Когда они остановились в лесу, лицо ее было обветрено и слегка пощипывало, в ушах звенело, а из-под шарфа торчали мокрые волосы. Ее удовольствие был острым, как крыло чайки. Ехать на мопеде, держась за любимого мужчину, — что может быть лучше для девушки? Раньше у нее не возникало мысли об этом, но теперь она поняла, что любит; его спина сказала об этом ее рукам. Она отряхивалась, счастливая; на коленях, там, где плащ не закрывал юбку, остался влажный треугольник. Запах мокрой земли и леса опьянял; она вдыхала его с наслаждением, острым до боли, заставившей содрогнуться. Со Стама капала вода.

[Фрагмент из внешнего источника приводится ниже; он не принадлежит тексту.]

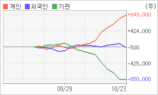| 외국인과 기관은 순매도, 개인은 순매수(한달누적) 전일 기관이 4,887주를 순매수했고, 외국인은 102,377주를 순매도했다. 4주간을 기준으로 보면 외국인이 순매도로 돌아서면서 3,500주를 순매도했고, 기관도 순매수에서 순매도로 반전되면서 844,624주를 순매도했지만, 개인은 오히려 매수반전의 모습을 보이며 848,124주를 순매수했다. |
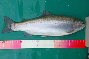 この日は平日にも関わらず、岸釣り師の数が尋常ではありませんでした。大島には杉坂プロのご兄弟がツアーで来られていたそうで、ワカサギの撒き餌をして65cmのモンスターニジマスを釣られたそうです。撒き餌の釣りは好きではありませんが、この時期は産卵でアメマスも殆ど釣れないため、お客さんに釣らせるためには仕方ないのでしょうね。さて、私の釣りの方ですが、これまでニジマスは日に2尾までしか釣れて無かったのですが、この日はなんと5尾も釣れてしまいました。しかも、10:45時に38cm、11:05時に39cm、11:40時に40cm、13:10時に42cmと、時間とともに型が良くなり、14:20時にはついに52cmの大ニジマスが釣れてしまいました。こんな事は初めてです。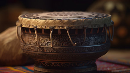 close-up on a djembe, an african drum with intricate designs, created with generative ai

— Нидерландский июль, — сказал он, открывая дверь. — Вы продрогли, дитя мое. Перемените быстро юбку, и мы выпьем немного бургундского.

— Нет, мне не холодно и я не промокла. Я только счастлива.

— У вашего счастья очаровательное лицо.

— Чудесное вино.

— Был очень хороший год.

— Какие удивительные названия — Романе, Вужо, Монраше…

— Существует легенда; вполне возможно, что это и неправда; когда войска Наполеона были на пути в Испанию, полки салютовали, проходя мимо виноградников Вужо.

— Восхитительно; надеюсь, что это правда. Но скажите, почему вы должны гонять на мопеде по пятницам?.. Простите, я не имею права спрашивать.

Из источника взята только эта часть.